▶ [ABOUT THIS EXERCISE]: From the first line of the data down to the line bearing "Little plastc Jesus", output every line exactly and include no pictures.

Records from a dataset
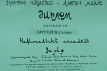 В конце марта - начале апреля III Открытый Всероссийский фестиваль детского и юношеского творчества "Золотое наследие-Алтын Мирас" принимал заявки с видео-материалом. И вот,на днях,стали известны результаты обсуждения жюри конкурсных материалов. Ансамбль "Зариф" - лауреат II степени (руководитель Гужова Н.В.).
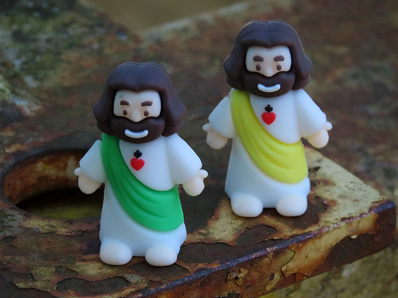 Little plastc Jesus figures still showing up on trail barriers. (I think it was a church youth group project.)
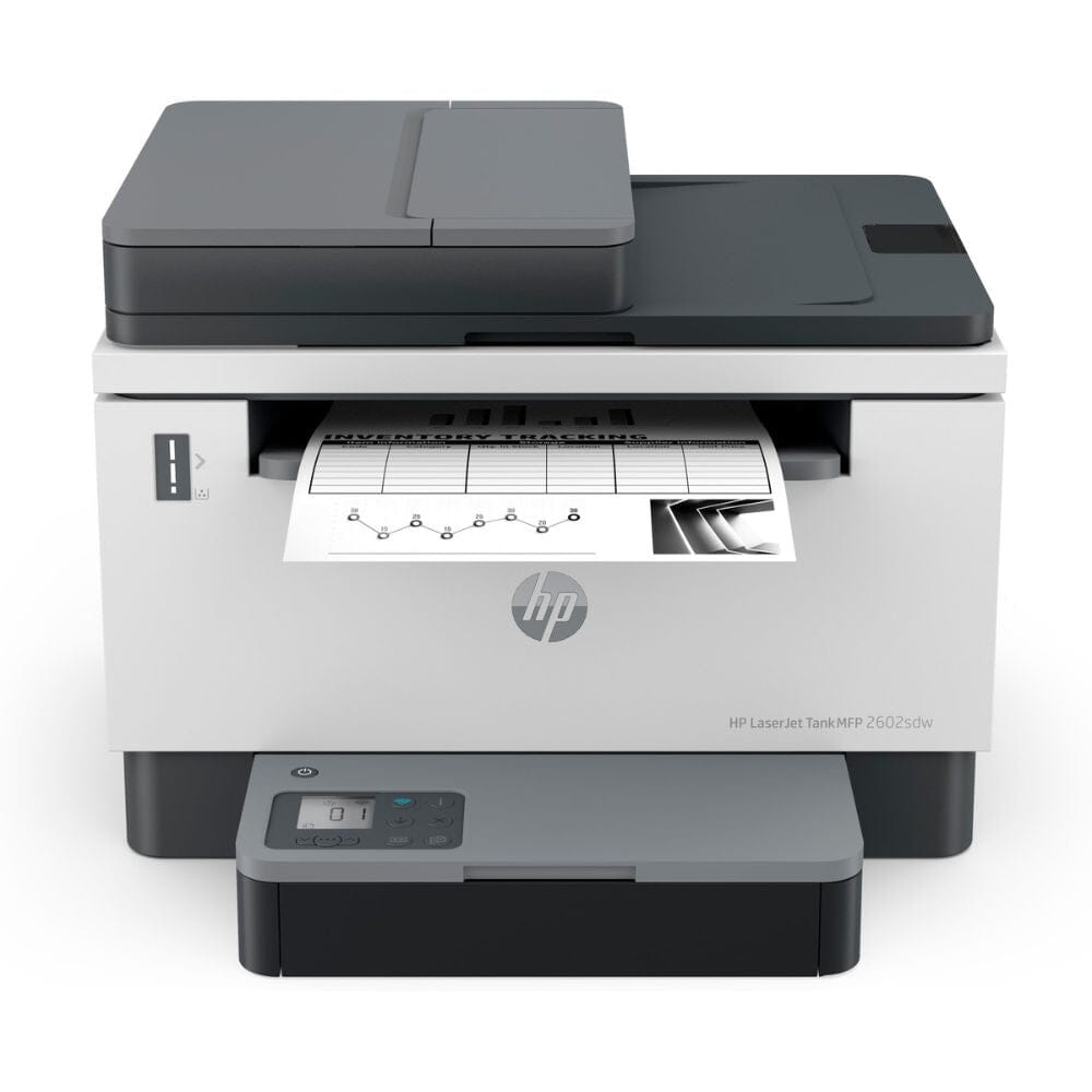 Descubra capacidades empresariales y la posibilidad de ahorrar con la impresora Todo-en-Uno HP LaserJet Tank MFP 2602sdw precargada con tóner original HP para hasta 5000 páginas
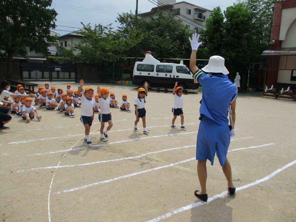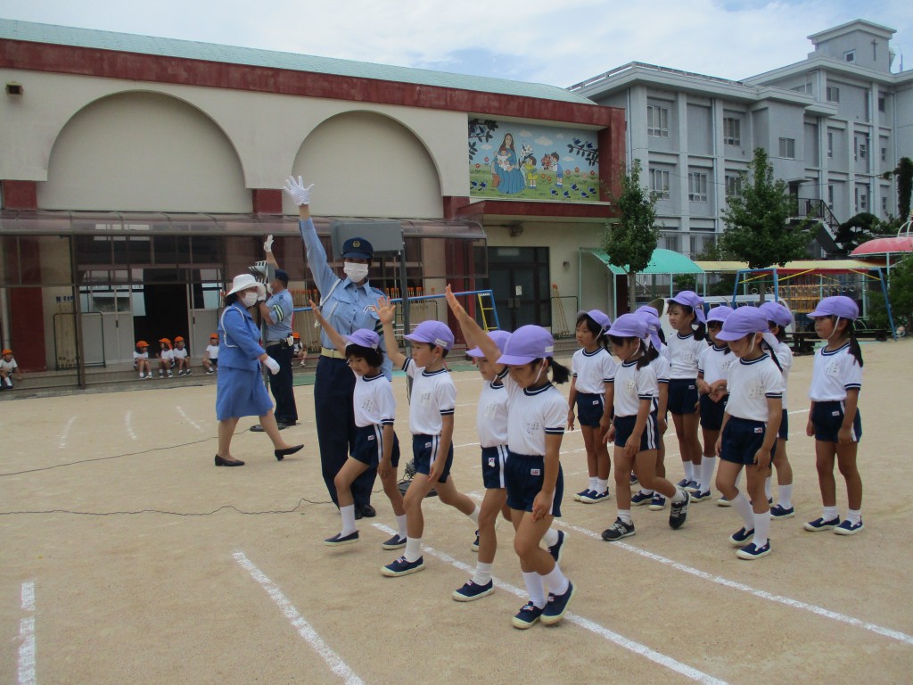 年長組 交通訓練 2020.09.03 イベント 今日はたるみけいさつからパトカーに乗っておまわりさんが来てくださいました。「みんなのいのちはだれがまもりますか?」「きいろになったらどうしますか?」と信号のお話や横断歩道の渡り方を丁寧に教えてくださいました! 1年生になったら一人で渡るようになりますね 今日教えて頂いたこと、忘れないで歩きましょうね☆
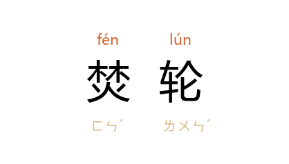 引《诗·小雅·谷风》“维风及頽” 毛 传:“頽,风之焚轮者也。”孔颖达 疏引 李巡 曰:“焚轮,暴风从上来降谓之頽。頽,下也。”晋 葛洪 《抱朴子·明本》:“焚轮虹霓寝其祅,穨云商羊戢其翼。”
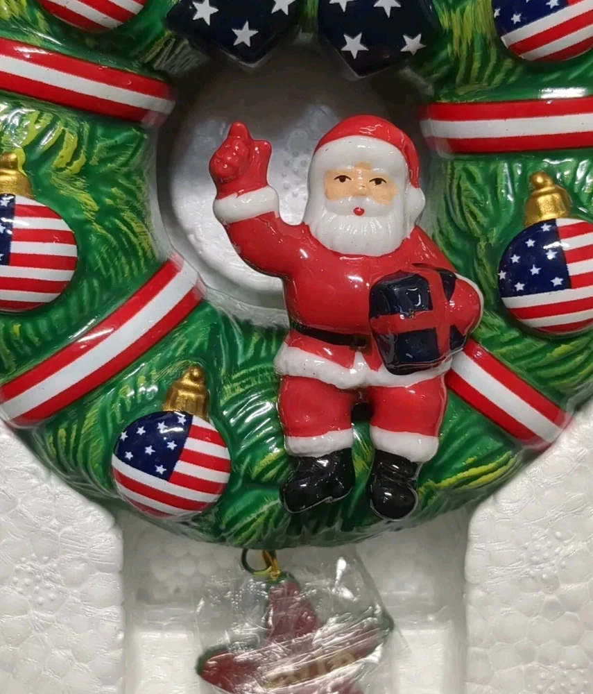 Celebrate the holiday season with this beautiful vintage Danbury Mint Patriotic Christmas Ornament. This ornament features a jolly Santa holding a wreath, perfect to add to your collection of ornaments. Made in 2016, this original piece is a must-have for any collector or enthusiast. The ornament is in great shape and comes in its original packaging, making it a perfect gift for a loved one or to keep in your collection. Add this Danbury Mint ornament to your collection today and enjoy its timeless beauty for years to come.
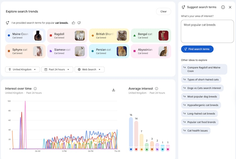 Google has woven Gemini 3, its latest large language model, directly into the search experience. When users ask follow-up questions in AI overviews, they are sent instantly into AI mode, instead of staying in the static overview page as before. Furthermore, Google has introduced AI-powered features to Google Trends, allowing users to dive deeper into search trend data using AI insights.

▶ [SOLUTION TO THIS PROBLEM]:
 В конце марта - начале апреля III Открытый Всероссийский фестиваль детского и юношеского творчества "Золотое наследие-Алтын Мирас" принимал заявки с видео-материалом. И вот,на днях,стали известны результаты обсуждения жюри конкурсных материалов. Ансамбль "Зариф" - лауреат II степени (руководитель Гужова Н.В.).
 Little plastc Jesus figures still showing up on trail barriers. (I think it was a church youth group project.)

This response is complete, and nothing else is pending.